Why brain damage may spark artistic ability

Last Updated: 2006-10-19 13:00:47 -0400 (Reuters Health)

By Anne Harding

NEW YORK (Reuters Health) - People with a certain type of brain damage are known to develop new artistic skills during their illness. A "before and after" look at one such patient's artwork offers some clues as to what is going on when this occurs.

The condition known as frontotemporal lobar degeneration (FTLD) occurs when sections of the frontal and temporal lobes of the brain deteriorate, leading to dementia. There have been reports of previously inartistic people becoming talented visual artists after developing FTLD. But it is not clear whether the brain atrophy is releasing dormant talent, or the disease itself has somehow triggered the artistic expression.
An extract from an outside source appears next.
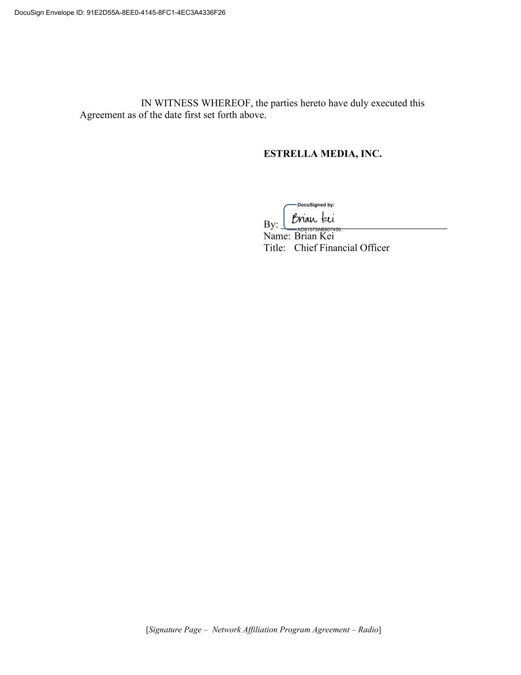 [Signature Page – Network Affiliation Program Agreement – Radio] IN WITNESS WHEREOF, the parties hereto have duly executed this Agreement as of the date first set forth above. ESTRELLA MEDIA, INC. By: Name: Brian Kei Title: Chief Financial Officer DocuSign Envelope ID: 91E2D55A-8EE0-4145-8FC1-4EC3A4336F26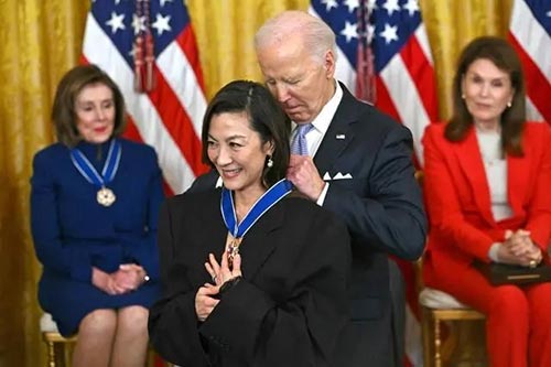 原标题:外媒:拜登向杨紫琼等人授予“总统自由勋章”,还把杨紫琼名字说错了

To investigate, Dr. Valeria Drago of the University of Florida at Gainesville and others studied the art of a woman who had been an artist before developing FTLD. As the woman's condition worsened, they found, her artistic technique improved, but the emotional power of her work decreased. "We can really follow how the paintings have been changed following the disease," Drago told Reuters Health in an interview.
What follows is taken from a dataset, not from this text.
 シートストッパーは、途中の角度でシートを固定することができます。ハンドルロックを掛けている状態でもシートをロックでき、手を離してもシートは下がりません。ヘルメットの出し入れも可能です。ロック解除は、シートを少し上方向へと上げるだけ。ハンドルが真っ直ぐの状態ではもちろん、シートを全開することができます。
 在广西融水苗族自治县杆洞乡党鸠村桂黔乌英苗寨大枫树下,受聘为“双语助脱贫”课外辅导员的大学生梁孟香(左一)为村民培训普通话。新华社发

Drago and her team gathered 40 paintings by the woman, including several from the period before she developed symptoms, some from when her symptoms were beginning, and some from when the woman was "fully symptomatic."

The researchers then gave 18 men and women training on how to evaluate six different artistic qualities, and asked them to rate all the paintings based on these qualities.

Ratings for the paintings' artistic skill rose as the woman's disease progressed, but ratings on the paintings' "evocative impact" and "closure" fell. Evocative impact is the ability of a work of art to elicit an emotional reaction, while closure is the sense that a painting is finished and complete.

Drago and her team note that FTLD leaves the parts of the brain at work in drawing, painting and other skills relatively intact. The part of the brain the disease does affect may typically inhibit this region of the brain, so when it is damaged artistic talents have freer rein, they suggest.

The researchers also point out that FTLD patients may have damage to the limbic system, a network within the brain essential for mediating emotions. This damage could in turn impair an artist's ability to paint emotionally affecting paintings, or to portray emotion visually.

Drago said she and her team are continuing to study creativity and the brain, and are currently looking at how normal aging may change creativity.